[[ Records, beginning ]]
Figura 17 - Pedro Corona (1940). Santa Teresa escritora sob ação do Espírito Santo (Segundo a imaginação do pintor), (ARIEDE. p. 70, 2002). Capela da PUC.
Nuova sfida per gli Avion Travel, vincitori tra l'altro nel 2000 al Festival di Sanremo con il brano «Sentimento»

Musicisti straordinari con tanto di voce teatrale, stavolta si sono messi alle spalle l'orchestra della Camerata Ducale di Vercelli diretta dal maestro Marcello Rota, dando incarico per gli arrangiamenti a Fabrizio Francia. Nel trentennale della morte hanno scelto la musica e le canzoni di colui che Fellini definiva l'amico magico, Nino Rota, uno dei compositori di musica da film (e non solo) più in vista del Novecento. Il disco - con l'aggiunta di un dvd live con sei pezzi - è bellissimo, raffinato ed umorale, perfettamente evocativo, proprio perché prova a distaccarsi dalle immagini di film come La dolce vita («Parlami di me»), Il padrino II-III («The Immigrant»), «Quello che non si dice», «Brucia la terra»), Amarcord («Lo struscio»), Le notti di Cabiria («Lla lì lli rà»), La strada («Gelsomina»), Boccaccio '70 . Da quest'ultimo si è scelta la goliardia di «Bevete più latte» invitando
[[ Records, end ]]
[[ Records, beginning ]]
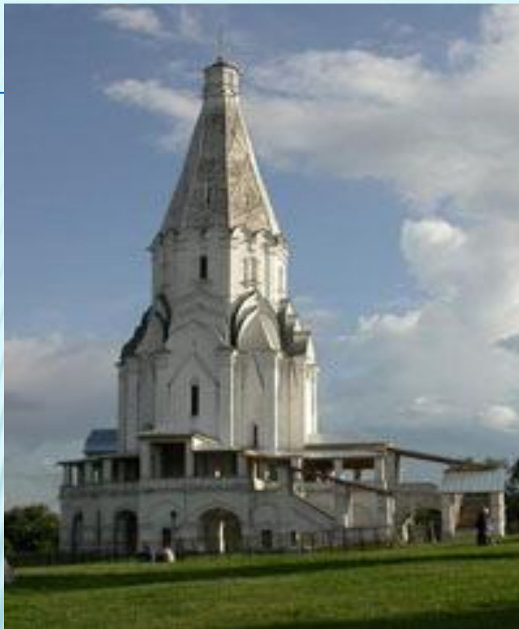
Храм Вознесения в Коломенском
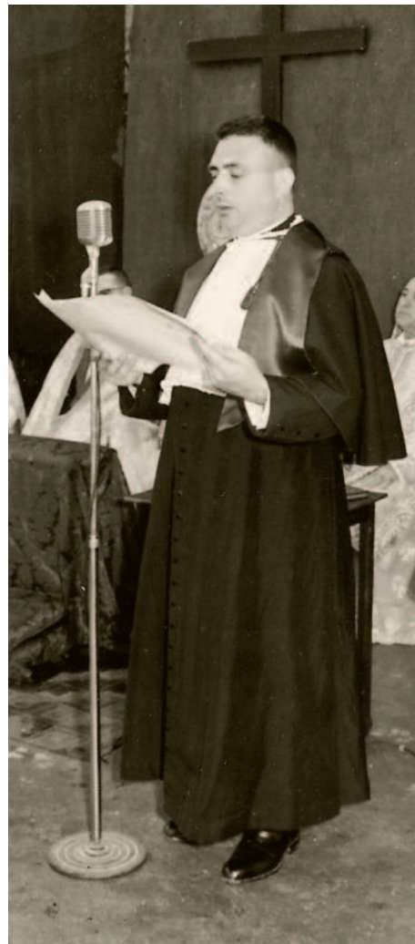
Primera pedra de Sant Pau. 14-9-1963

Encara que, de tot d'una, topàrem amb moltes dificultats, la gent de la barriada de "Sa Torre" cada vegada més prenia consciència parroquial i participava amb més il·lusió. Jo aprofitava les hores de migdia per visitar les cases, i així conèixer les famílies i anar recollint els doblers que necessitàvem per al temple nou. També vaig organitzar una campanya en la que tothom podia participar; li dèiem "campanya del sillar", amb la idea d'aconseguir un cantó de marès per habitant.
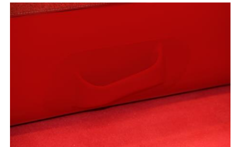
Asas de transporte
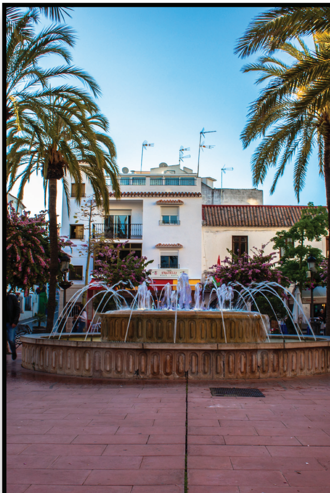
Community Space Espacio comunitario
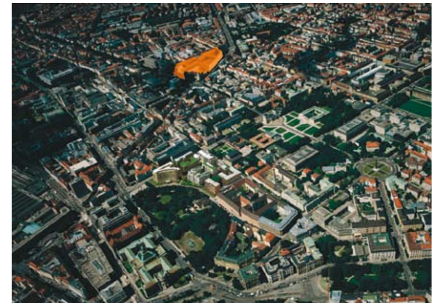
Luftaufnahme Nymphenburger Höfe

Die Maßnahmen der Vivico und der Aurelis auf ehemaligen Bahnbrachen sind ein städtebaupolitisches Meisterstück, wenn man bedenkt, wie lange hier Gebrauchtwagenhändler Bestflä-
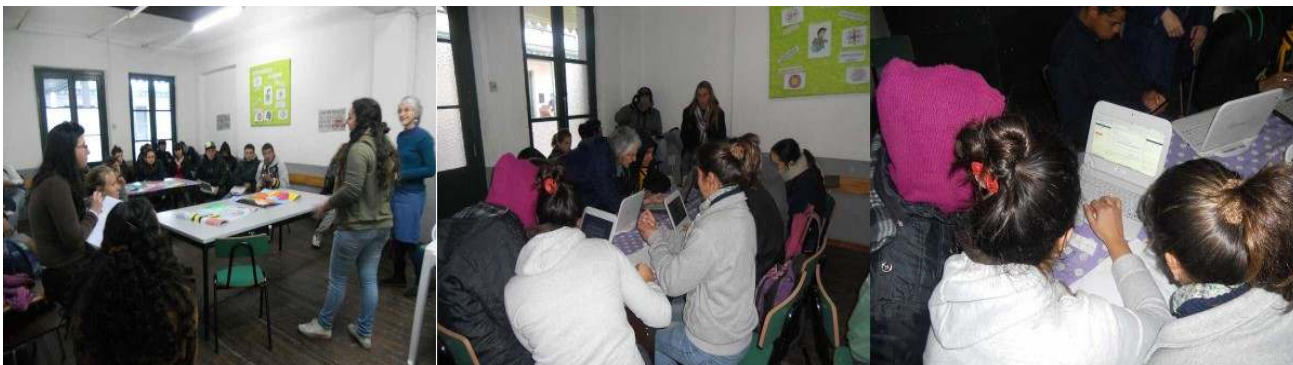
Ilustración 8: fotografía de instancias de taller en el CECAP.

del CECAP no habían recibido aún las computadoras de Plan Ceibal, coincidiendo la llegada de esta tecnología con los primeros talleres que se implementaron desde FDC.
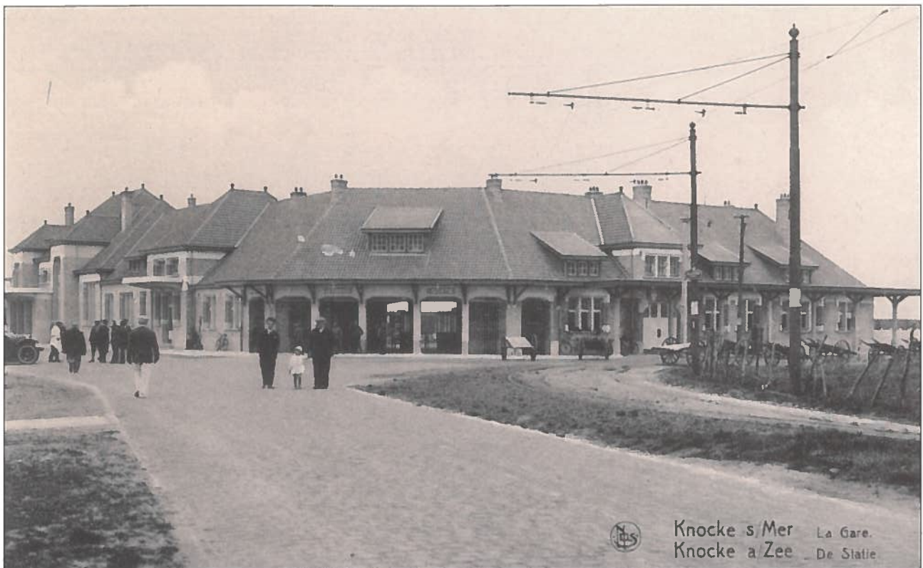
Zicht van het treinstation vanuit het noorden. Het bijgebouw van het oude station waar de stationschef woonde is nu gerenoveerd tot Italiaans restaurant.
[[ Records, end ]]
[[ Records, beginning ]]
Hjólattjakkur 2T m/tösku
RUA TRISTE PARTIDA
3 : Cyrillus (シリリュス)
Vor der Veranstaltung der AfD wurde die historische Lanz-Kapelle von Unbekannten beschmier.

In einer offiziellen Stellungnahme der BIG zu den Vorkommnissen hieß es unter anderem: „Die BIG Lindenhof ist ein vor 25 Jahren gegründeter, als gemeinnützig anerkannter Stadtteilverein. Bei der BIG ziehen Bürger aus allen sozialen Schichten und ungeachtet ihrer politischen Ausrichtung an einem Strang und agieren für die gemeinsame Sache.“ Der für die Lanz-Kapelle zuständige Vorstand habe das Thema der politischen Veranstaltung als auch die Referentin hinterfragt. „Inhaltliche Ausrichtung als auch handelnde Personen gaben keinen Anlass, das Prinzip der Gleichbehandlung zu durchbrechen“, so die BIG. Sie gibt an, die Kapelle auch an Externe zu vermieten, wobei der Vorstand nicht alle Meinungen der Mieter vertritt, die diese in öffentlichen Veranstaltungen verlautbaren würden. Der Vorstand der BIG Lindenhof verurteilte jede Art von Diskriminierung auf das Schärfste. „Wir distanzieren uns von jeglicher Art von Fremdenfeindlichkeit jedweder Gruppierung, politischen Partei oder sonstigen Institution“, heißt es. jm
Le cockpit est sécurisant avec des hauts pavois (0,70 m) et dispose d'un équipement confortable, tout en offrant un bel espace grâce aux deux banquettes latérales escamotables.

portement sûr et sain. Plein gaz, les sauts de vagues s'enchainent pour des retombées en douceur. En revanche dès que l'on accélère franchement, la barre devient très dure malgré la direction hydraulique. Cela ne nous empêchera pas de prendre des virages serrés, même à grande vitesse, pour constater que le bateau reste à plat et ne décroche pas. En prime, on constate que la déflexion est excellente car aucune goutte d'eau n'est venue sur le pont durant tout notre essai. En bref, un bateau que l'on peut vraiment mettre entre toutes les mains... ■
[[ Records, end ]]
Using the data above, transcribe the lines that run from the line with "RUA TRISTE PARTIDA" to the line with "Vor der Veranstaltung", both ends kept, and output nothing else.

* **Exercise solution**:
RUA TRISTE PARTIDA
3 : Cyrillus (シリリュス)
Vor der Veranstaltung der AfD wurde die historische Lanz-Kapelle von Unbekannten beschmier.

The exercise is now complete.